(MATERIAL FOR THE TASK Opens)

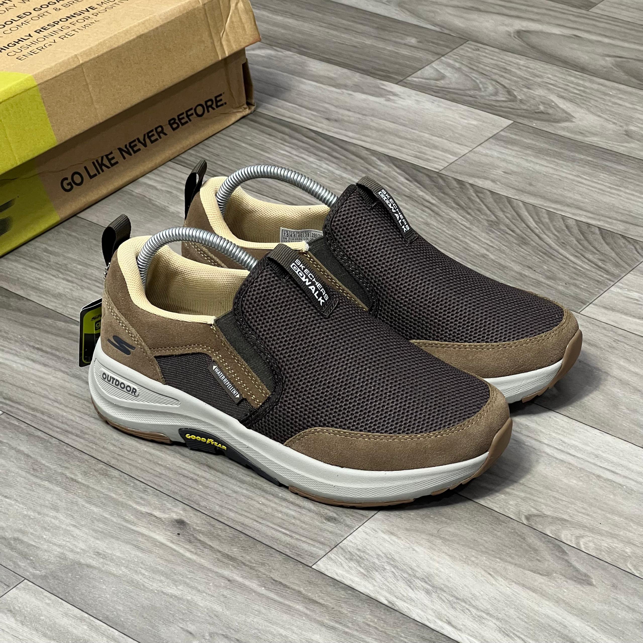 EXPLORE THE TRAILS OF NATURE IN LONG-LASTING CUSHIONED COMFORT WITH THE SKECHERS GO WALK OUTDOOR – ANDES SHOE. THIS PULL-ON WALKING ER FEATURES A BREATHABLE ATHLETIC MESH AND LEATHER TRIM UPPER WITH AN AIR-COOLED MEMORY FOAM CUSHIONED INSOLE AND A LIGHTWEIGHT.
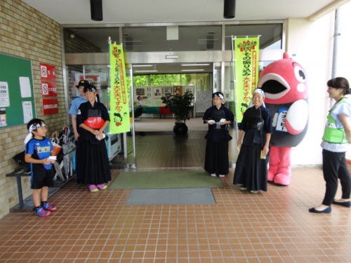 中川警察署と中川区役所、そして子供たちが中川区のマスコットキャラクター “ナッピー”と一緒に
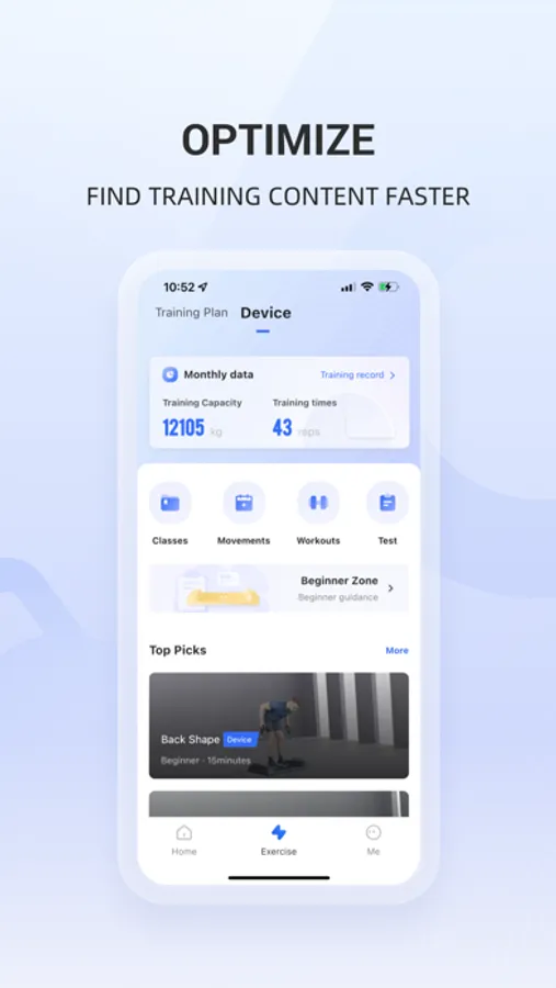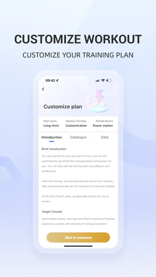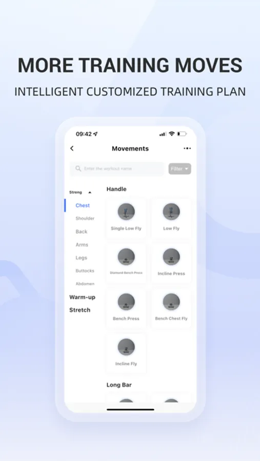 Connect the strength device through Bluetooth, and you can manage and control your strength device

(MATERIAL FOR THE TASK Closes)
(MATERIAL FOR THE TASK Opens)

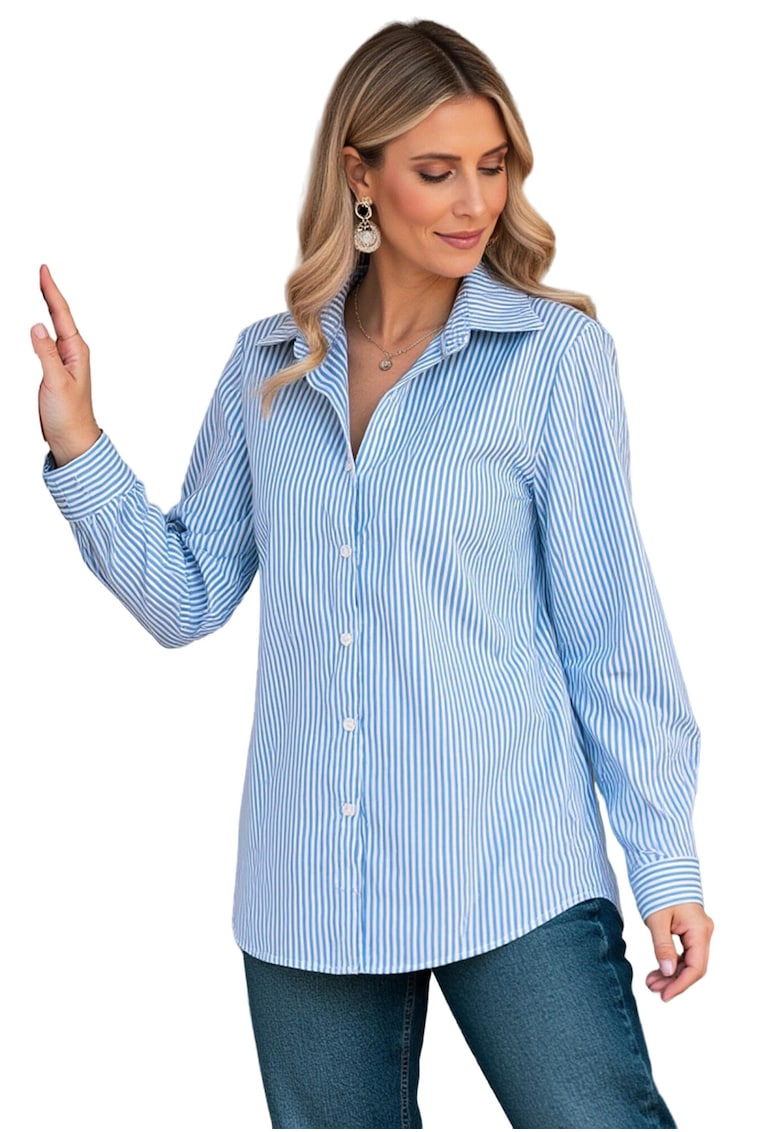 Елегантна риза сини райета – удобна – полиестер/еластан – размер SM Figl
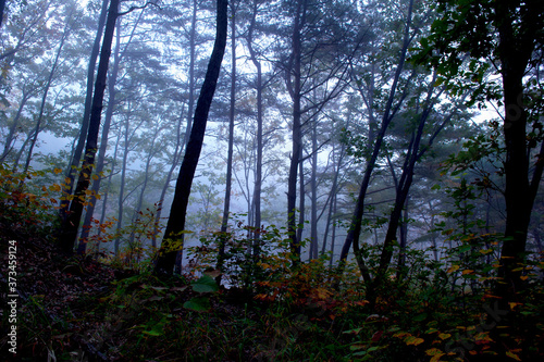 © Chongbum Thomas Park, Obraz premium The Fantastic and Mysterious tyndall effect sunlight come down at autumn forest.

(MATERIAL FOR THE TASK Closes)
(MATERIAL FOR THE TASK Opens)

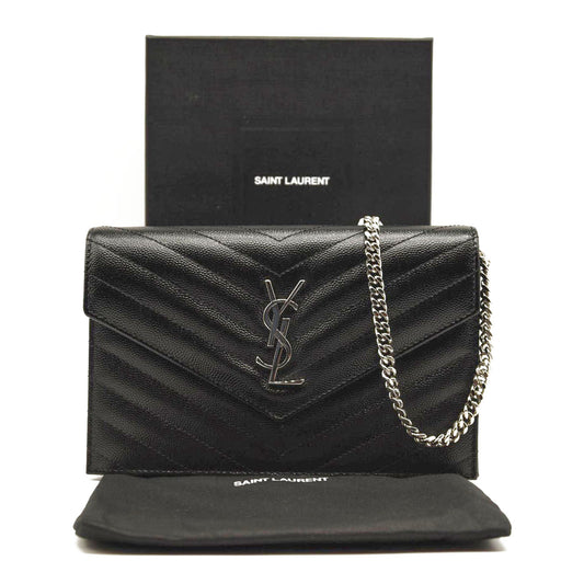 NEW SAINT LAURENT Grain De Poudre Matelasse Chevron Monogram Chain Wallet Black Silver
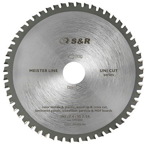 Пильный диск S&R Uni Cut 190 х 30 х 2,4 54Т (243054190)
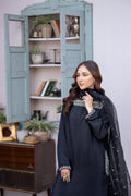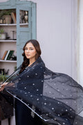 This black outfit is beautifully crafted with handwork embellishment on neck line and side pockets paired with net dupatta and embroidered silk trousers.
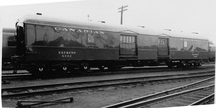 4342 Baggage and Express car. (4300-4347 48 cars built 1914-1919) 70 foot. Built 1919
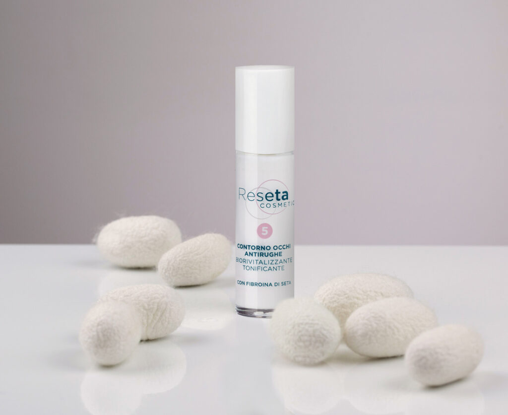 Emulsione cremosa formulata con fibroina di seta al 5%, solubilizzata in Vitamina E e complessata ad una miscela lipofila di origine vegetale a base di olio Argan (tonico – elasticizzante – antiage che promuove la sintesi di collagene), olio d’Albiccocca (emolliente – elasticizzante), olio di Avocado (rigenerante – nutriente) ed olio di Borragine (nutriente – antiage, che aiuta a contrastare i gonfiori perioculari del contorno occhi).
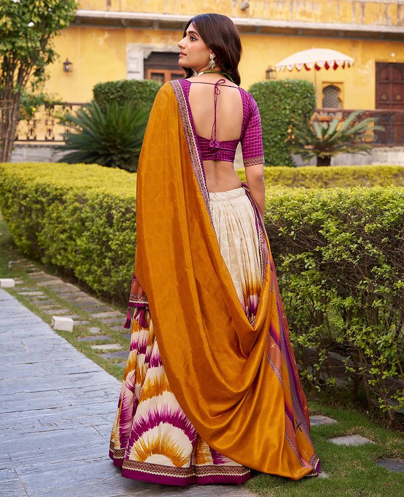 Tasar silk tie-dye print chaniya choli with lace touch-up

(MATERIAL FOR THE TASK Closes)

INSTRUCTIONS FOR THE TASK — An exact copy is needed of the stretch above that opens with the line containing "This black outfit" and closes with the line containing "Tasar silk tie-dye"; the pictures are not part of it.

TASK OUTPUT —
 This black outfit is beautifully crafted with handwork embellishment on neck line and side pockets paired with net dupatta and embroidered silk trousers.
 4342 Baggage and Express car. (4300-4347 48 cars built 1914-1919) 70 foot. Built 1919
 Emulsione cremosa formulata con fibroina di seta al 5%, solubilizzata in Vitamina E e complessata ad una miscela lipofila di origine vegetale a base di olio Argan (tonico – elasticizzante – antiage che promuove la sintesi di collagene), olio d’Albiccocca (emolliente – elasticizzante), olio di Avocado (rigenerante – nutriente) ed olio di Borragine (nutriente – antiage, che aiuta a contrastare i gonfiori perioculari del contorno occhi).
 Tasar silk tie-dye print chaniya choli with lace touch-up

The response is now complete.